Comprendre les listes de sanctions OFAC, ONU et OFSI UK. Obligations de filtrage, PEP et risques pour les entreprises France & Maroc.

Sanctions internationales ONU OFAC OFSI
L'équipe RiskSonnar · 2026-03-28 · 9 min

Depuis 2022, les sanctions internationales se sont multipliées : embargos Russie, Iran, Corée du Nord, sanctions sectorielles (défense, crypto, puces, énergie). Les entreprises doivent désormais filtrer leurs contreparties pour éviter d'être impliquées, même indirectement, dans une violation. Ce guide détaille les grandes listes, les obligations de filtrage, et les conséquences réelles d'un manquement — illustrées par des cas emblématiques.

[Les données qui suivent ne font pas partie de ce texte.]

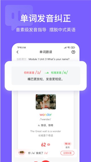 英语说学生版是一款学习英语发音、口语的软件,它利用AI智能技术为用户提供语音评估、阅读评估等服务,帮助你纠正发音并支持教材同步,让你随时随地学习、阅读,学习英语不再那么困难。软件功能非常丰富,包括单词发音考核、背单词、听写单词、句子考核、课文阅读考核,还有听说模拟单元测试、模拟考试等20多项听说考核功能,根据您的学习需求进行选择,从头开始学习并掌握英语基础知识。同时,您可以在线模拟考试,您可以根据自己的水平选择相应的考试内容,高效学习,提高学习能力,除了口语交流之外,它还无缝继承了查词、翻译、词汇书等工具,让你的英语积累过程更加高效,不再为英语成绩提不上去而烦恼,有需要的用户赶紧下载来试试吧。

Le paysage des sanctions internationales en 2026

Les sanctions sont devenues un outil géopolitique majeur. Le nombre total de personnes et d'entités sanctionnées dans le monde est passé de 8 000 en 2010 à plus de 50 000 en 2025. Les listes s'étendent, se recoupent et se mettent à jour plusieurs fois par mois. Une entreprise qui ne filtre pas ses contreparties prend un risque légal et financier significatif — même si elle est de bonne foi.

Qui est concerné ?

Contrairement à une idée reçue, les obligations de filtrage ne concernent pas que les banques. En France, toute entreprise qui effectue des transactions internationales ou qui traite avec des clients ou fournisseurs étrangers peut être tenue responsable. Au Maroc, les obligations s'appliquent aux établissements de crédit, sociétés de bourse, professions comptables et juridiques, mais aussi à toute entité qui traite des montants significatifs.

Le cas BNP Paribas — 8,9 milliards d'amende

En 2014, BNP Paribas a été condamnée à payer 8,9 milliards de dollars à l'OFAC pour avoir violé les embargos américains contre Cuba, l'Iran et le Soudan entre 2004 et 2012. La banque a également dû plaider coupable, suspendre certaines activités pendant un an et remplacer plusieurs cadres. Au-delà de l'amende financière, l'atteinte à la réputation a été profonde.

Ce cas illustre une vérité importante : les sanctions OFAC sont extraterritoriales. Toute transaction en dollars, même entre deux entités non-américaines, peut relever de leur compétence.

Les grandes listes de sanctions

OFAC (US Treasury)

L'Office of Foreign Assets Control publie plusieurs listes dont la plus connue est la SDN List (Specially Designated Nationals). Cette liste contient plus de 10 000 entrées et est mise à jour plusieurs fois par mois. Elle est extraterritoriale : toute entreprise qui utilise le dollar ou qui a des liens avec les États-Unis peut être tenue responsable.

ONU Conseil de Sécurité

Les sanctions du Conseil de Sécurité de l'ONU sont opposables à tous les États membres. Elles sont consolidées dans une liste unique, mise à jour par le Comité 1267 et d'autres comités spécialisés. Les États membres ont l'obligation de transposer ces sanctions dans leur droit national — c'est ce que fait la France et, indirectement, le Maroc via son alignement sur les standards internationaux.

OFSI UK

L'Office of Financial Sanctions Implementation est l'autorité britannique créée après le Brexit. Elle publie une liste autonome qui reprend largement les sanctions ONU et UE, mais avec des ajouts spécifiques (Russie, Biélorussie, Iran). Pour les entreprises qui traitent avec des partenaires britanniques, le filtrage OFSI est indispensable.

Union Européenne

Le règlement (CE) n°2580/2001 et les règlements subséquents consolident les sanctions européennes. La liste européenne est publiée sur le site de la Commission et mise à jour régulièrement. Elle inclut des gels d'avoirs, des interdictions de voyager et des embargos sectoriels.

Listes nationales

  • France : Direction Générale du Trésor (DGT), liste des personnes et entités visées par les mesures restrictives
  • Maroc : ANRF (Autorité Nationale du Renseignement Financier) publie des alertes sur les entités suspectes
  • Allemagne : BaFin, Royaume-Uni : OFSI, etc.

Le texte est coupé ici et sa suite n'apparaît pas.